Depending on the specific use case and the risk proneness of the data sets to re-identification, however, a different order of de-identification techniques may be more expedient. In any case, the use of just a single de-identification technique will suffice in the rarest of cases in order to achieve a sufficient level of de-identification.
6.4.4 Review
After each de-identification step, it must be checked whether sufficient de facto anonymization has already been achieved and whether a “re-identification attacker” would accordingly have to invest a disproportionately large amount of time, money and manpower in order to carry out a re-identification. See section 6.5 below for details.
6.5 Regular review of the anonymization method
Due to technical progress and possible changes in other relevant objective factors (see 5.2), the anonymization method used (i.e., the sum of the de-identification methods used which lead to effective de facto anonymization) must be regularly reviewed and – if necessary – updated.
Information security is not to be considered a condition, but rather a continuous improvement process (ISO/ IEC 27001) and should be regularly reviewed based on the PDCA cycle (Plan-Do-Check-Act)30 or by means of a comparable methodology. The PDCA system is also recommended for implemented or planned de facto anonymizations in order to regularly take stock of the security status. Since technical progress cannot realistically be forecast either in terms of de-identification techniques or future hardware performance (and the controller initially only checks whether re-identification is unlikely at the time the anonymization method is carried out in the context of de facto anonymization, see 5.2 and 6.2), the period between such reviews should be kept rather short in case of doubt.
30 Cf. for instance GDD-Praxishilfe DS-GVO II, Verantwortlichkeiten und
Aufgaben nach der DSGVO, page 7, available at https://www.gdd.de/ downloads/praxishilfen/GDD-Praxishilfe_DS-GVO_2.pdf. The PDCA cycle describes a four-phase process that is used to control and continuously improve processes and products. Processes are initially planned (plan), tested (do), the test phase is evaluated (check) and, on this basis, the process is improved (act).
The technical guidelines of the German Federal Office for Information Security (BSI) on cryptographic procedures can also be used as a guide. These provide information about the reliability of forecasts for the security of cryptographic procedures and are therefore an indicator of the period over which a technology used (for anonymization) can be considered effective.31
Note:
Audits by external, specialized service providers can also be used to review the effectiveness of the anonymization method used. To date, though, the known service providers have not yet offered reviews of the effectiveness of the anonymization method used.
If the review and evaluation of the anonymization method leads to the result that it is no longer sufficiently effective and re-identification is possible, remedial action must be taken, as otherwise a risk for the rights and freedoms of the data subjects arises. This can possibly mean that old methods can no longer be used, or at least no longer alone without additional accompanying de-identification techniques, and must be replaced by new measures, or even that the entire anonymization method must be redesigned.

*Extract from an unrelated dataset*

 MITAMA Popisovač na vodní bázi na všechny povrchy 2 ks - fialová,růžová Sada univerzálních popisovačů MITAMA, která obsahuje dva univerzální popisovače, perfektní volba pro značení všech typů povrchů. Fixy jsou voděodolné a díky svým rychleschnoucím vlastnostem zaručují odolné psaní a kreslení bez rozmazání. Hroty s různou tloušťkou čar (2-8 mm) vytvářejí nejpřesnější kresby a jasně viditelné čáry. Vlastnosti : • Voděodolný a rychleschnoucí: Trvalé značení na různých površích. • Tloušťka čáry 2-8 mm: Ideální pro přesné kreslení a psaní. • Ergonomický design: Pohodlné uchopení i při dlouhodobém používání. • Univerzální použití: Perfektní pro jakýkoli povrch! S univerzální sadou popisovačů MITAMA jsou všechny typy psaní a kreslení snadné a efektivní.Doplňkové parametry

In individual cases, it may also be necessary to again de-identify already de-identified data that were de-identified with the “old” anonymization method, using the new anonymization method in order to be able to continue to use these sets of data in a de facto anonymized form.

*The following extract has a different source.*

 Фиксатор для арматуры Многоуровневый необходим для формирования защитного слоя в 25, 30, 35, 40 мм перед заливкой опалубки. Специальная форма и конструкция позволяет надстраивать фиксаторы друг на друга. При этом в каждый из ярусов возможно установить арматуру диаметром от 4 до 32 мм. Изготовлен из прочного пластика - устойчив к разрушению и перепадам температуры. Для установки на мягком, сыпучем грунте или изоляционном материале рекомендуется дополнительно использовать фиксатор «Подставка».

Even if anonymized data has been disclosed to third parties or made publicly accessible and later become re-identifiable again, it must be deleted or replaced by newly anonymized data in the event re-identifiability currently occurs. This should be taken into account before disclosing de facto anonymized data. In addition, an erasure concept – even if this is not legally required for anonymized data – can create additional legal security and risk minimization when dealing with de facto anonymized data. The parameters for an exchange or a return/erasure of this data can, for example, be contractually regulated.